____ EXCERPTED DATA

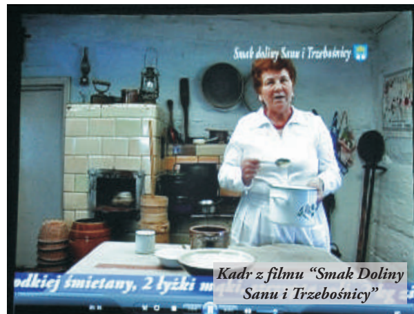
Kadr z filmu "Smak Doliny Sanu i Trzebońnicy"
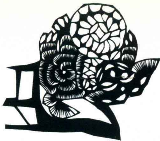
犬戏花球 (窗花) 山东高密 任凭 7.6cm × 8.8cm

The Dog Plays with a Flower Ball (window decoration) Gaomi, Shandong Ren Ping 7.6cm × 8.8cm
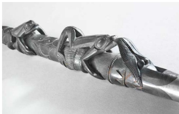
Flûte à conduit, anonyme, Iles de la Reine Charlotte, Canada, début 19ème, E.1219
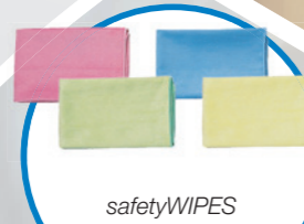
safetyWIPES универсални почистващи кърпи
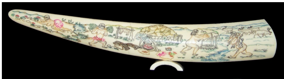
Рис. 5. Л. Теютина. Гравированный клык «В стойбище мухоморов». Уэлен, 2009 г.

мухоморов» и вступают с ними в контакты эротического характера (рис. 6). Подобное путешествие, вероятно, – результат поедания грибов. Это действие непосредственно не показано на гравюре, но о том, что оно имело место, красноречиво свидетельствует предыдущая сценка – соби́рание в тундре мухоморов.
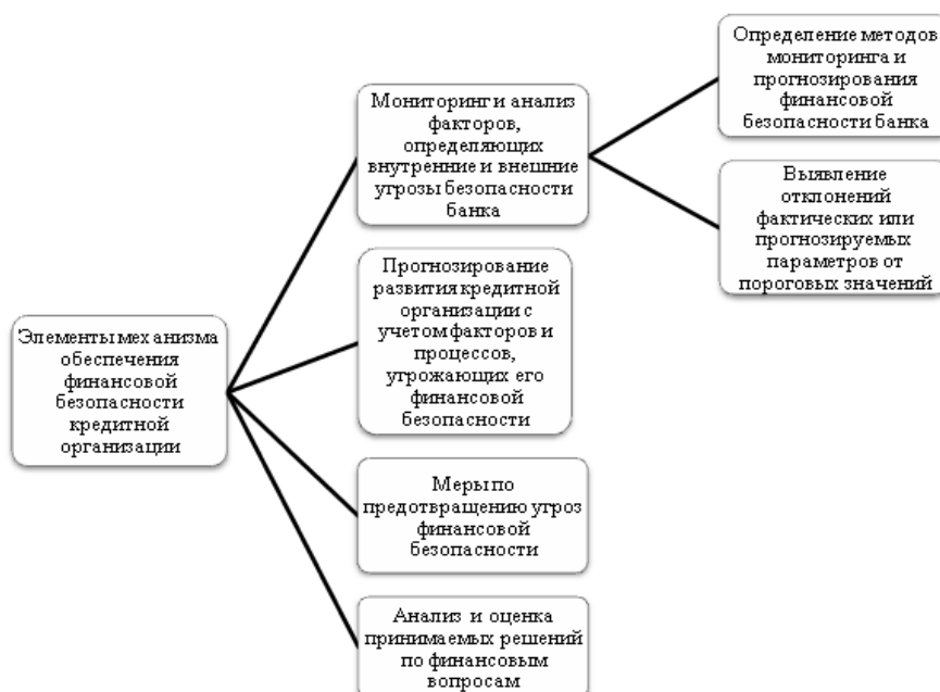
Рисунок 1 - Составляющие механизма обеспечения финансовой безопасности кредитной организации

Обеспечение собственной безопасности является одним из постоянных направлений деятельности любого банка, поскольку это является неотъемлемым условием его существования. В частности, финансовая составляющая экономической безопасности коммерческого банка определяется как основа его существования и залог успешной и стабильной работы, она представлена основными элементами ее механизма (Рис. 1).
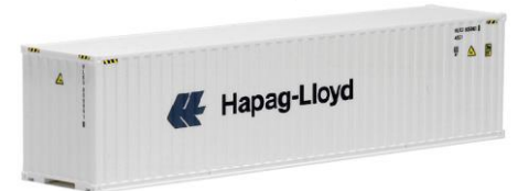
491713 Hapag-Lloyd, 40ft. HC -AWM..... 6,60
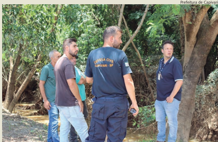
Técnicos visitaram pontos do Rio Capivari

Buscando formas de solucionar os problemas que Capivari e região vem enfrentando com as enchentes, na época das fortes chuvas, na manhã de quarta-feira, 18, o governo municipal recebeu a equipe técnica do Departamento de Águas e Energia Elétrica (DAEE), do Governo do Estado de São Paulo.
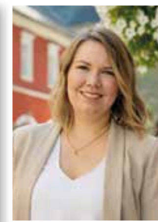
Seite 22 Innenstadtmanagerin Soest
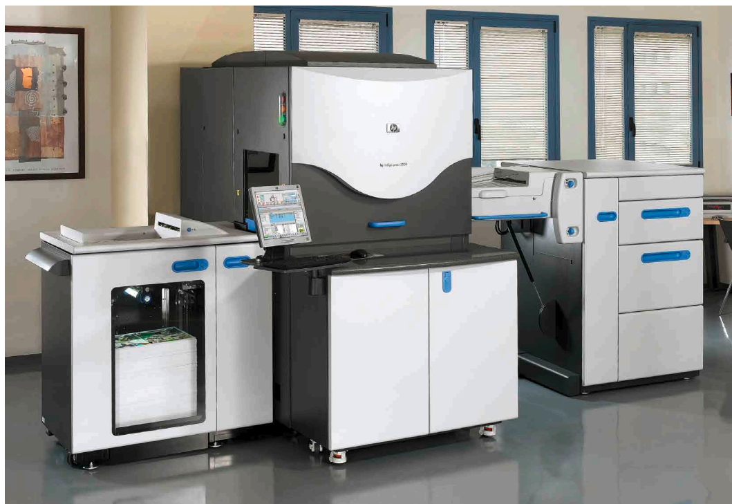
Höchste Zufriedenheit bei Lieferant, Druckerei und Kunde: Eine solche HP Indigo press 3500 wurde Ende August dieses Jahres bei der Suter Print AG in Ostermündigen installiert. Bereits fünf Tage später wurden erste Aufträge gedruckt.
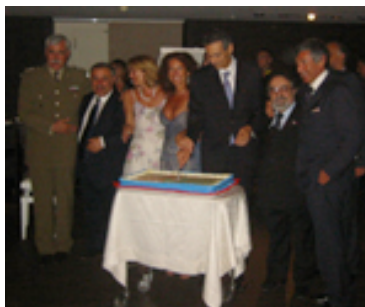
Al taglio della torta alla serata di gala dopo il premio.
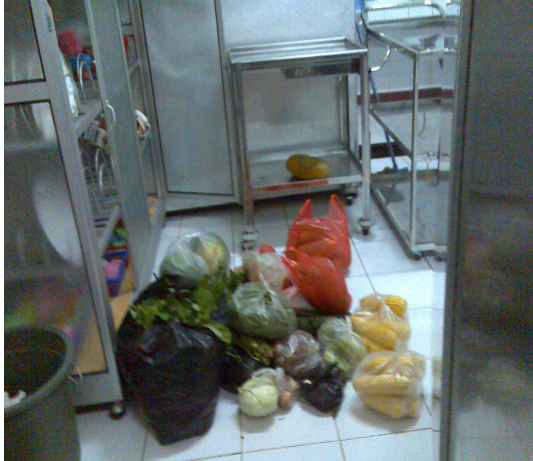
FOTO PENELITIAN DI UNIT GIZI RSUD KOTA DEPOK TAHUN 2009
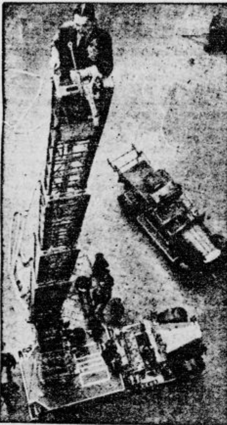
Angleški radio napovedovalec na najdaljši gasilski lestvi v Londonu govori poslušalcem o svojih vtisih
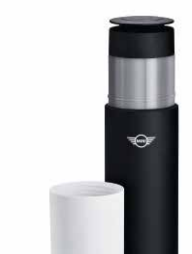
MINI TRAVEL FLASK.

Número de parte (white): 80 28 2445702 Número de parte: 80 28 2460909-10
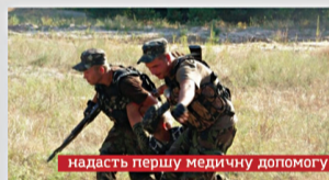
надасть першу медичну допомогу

________

* BRIEF:
Leave out the pictures and restate, word for word, the lines from the top of the data through the line containing "safetyWIPES универсални почистващи кърпи", both included.

* WRITTEN RESPONSE:
Kadr z filmu "Smak Doliny Sanu i Trzebońnicy"
犬戏花球 (窗花) 山东高密 任凭 7.6cm × 8.8cm

The Dog Plays with a Flower Ball (window decoration) Gaomi, Shandong Ren Ping 7.6cm × 8.8cm
Flûte à conduit, anonyme, Iles de la Reine Charlotte, Canada, début 19ème, E.1219
safetyWIPES универсални почистващи кърпи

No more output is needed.